From the late Nineteenth Century, busyness became the purpose of the church. Churches tried to provide a complete culture in which their people would live. Churches provided a community. They provided education. They provided social and sports activities (Manchester City Football Club began as the team of Saint Mark’s Church, West Gorton). Churches provided welfare and health facilities. People, well, some, at least, played their part by going to church.

But as people became wealthier, they made their own choices, and they became much more secular.

People could find their own sense of community without belonging to a church. They would use church schools where these fitted in with their approach to life, but they would shop around for the best ones. If they wanted sports or social activities they would go to the best available, not to what the church had to offer. After the Second world war, when people needed welfare and health care, there was a range of state services. The whole structure to which churches had devoted so much time and resources began to fall apart.

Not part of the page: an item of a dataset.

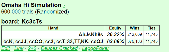 3. Префлоп: префлоп хелпер показывает колл такого сквиза 45% с нашей рукой. Окей. Наверное тогда просто фолд, т.к. это нижняя граница. Но раз уж по нубски залезли в банк - против АА на такой доске 28%. Т.е. на колл не хватает, имплайдов не остается фактически. Фолдим. Прав ли я в своих рассуждениях? Как бы сыграли вы?

What response can the church make?  The only response to a society that no longer needs the church for material things is for the church to do the things it was meant to do. The church’s task was to share the story of Jesus, to seek holiness and not busyness.

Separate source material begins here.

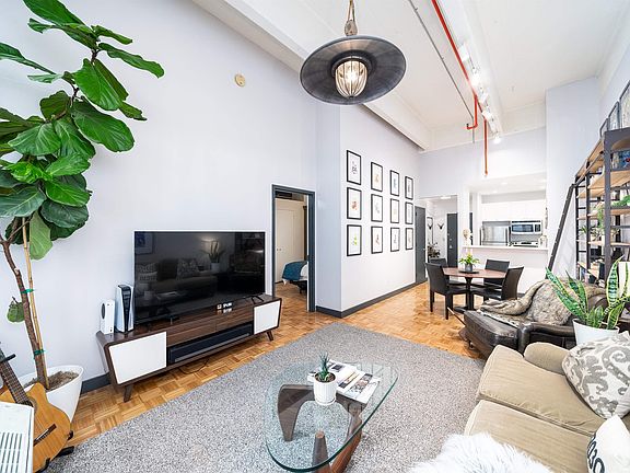 Indulge in unparalleled luxury living in this uniquely renovated Hudson St. 1 bedroom 1 bathroom loft Residence with tranquil courtyard and Hudson River Cove Views & 1 car parking space included at the iconic Uptown Hoboken waterfront Hudson Tea Building. The open concept kitchen includes plentiful 42 inch white shaker style cabinetry, an all stainless steel appliance package, and breakfast bar that overlooks the dining and living area for seamless entertaining. The spa like bath includes an upgraded, rarely available custom double vanity & additional linen storage, tile flooring with full-size laundry in-unit. The king size bedroom includes a dedicated, working from home office & gym area with a separate two zone, PTAC heating and cooling system and plenty of extra custom built in closet space. With well-maintained, vintage parquet throughout, designer lighting, and fans, soaring 14 foot ceilings and 10 foot picture window, an entryway coat closet, plus parking included this upgraded one bedroom residence at a premium luxury address surely checks all the boxes. The luxe amenities of Hudson Tea, offering a full suite of services including a 24-hour concierge, nearly 3000 sqft gym with Pelotons and included fitness classes, stunning resident's lounge with private dining room offering Midtown views, a new free WFH space, redesigned kid's playroom, 3 high-speed elevators, free shuttle to/from PATH, dry cleaner, Choc O Pain French cafe onsite, and resident's courtyard with fire pit perfect for alfresco dining. Additional amenities include bike & add'l on site resident's storage. Located directly on the Uptown Hudson River waterfront, enjoy proximity to neighboring Harborside & Maxwell Parks, boutique shopping, outdoor eateries, Soul Cycle, Pilates, spas, Cork Wine shop, and easy access to transportation including the Direct 14th St Ferry to Midtown & WFC. With Trader Joe's, Whole Foods, farmer's market, and Urban Market groceries coming soon, every convenience is at your doorstep.

Perhaps the church lost confidence in the story, it no longer believed in the way it had believed in the past. It sought to hold on to its members by doing all sorts of things that weren’t its concern because it thought that people were no longer interested in the story of Jesus. Its efforts to hold on were in vain because as soon as people found a better option than what it was offering, they disappeared.

The problem lay not in the story of Jesus, but in the church’s way of telling the story. The church has presented people with a dry and formal religion instead of a sense of the holy, a sense of mystery, a sense of wonder.

The Scripture readings present us with this mystery in unmistakable terms. Moses meets with the Most High at Mount Sinai, one who is shrouded in mist and whose presence is terrifying. One whose presence appears to people as being a consuming fire.

Paul realises how this sense of the most high can transform people. He writes in his second letter to the church at Corinth, “we, who with unveiled faces all reflect the Lord’s glory, are being transformed into his likeness with ever-increasing glory, which comes from the Lord, who is the Spirit.” This transforming power sends people out to change the world, Paul says “by setting forth the truth plainly we commend ourselves to every man’s conscience in the sight of God.”

The present times are not new times. The Church of England has been here before. At the beginning of the 18th century the Church was dry and formal and dying and there emerged the Methodist movement with its emphasis on personal faith and lively worship. At the beginning of the 19th century the Church had again sunk into a trough and there emerged the Oxford Movement with its concern for holiness and beauty in worship and a sense of the greatness of God.

The Church does need need anymore strategies or slogans or mission statements, it does not need bishops or archdeacons, or all the other functionaries. What it does need is to recover what has always been there, the story of Jesus in all its fullness. The story of the Most High breaking into the  world and being with people. All the Church has to offer is this story. If it has not the confidence to tell it, then it has nothing, and it is poor indeed.

“Master, it is good for us to be here,” says Peter. To be filled with a sense of that mystery is to be filled with the courage to go out to face the world, to face a hostile world, with the story of Jesus.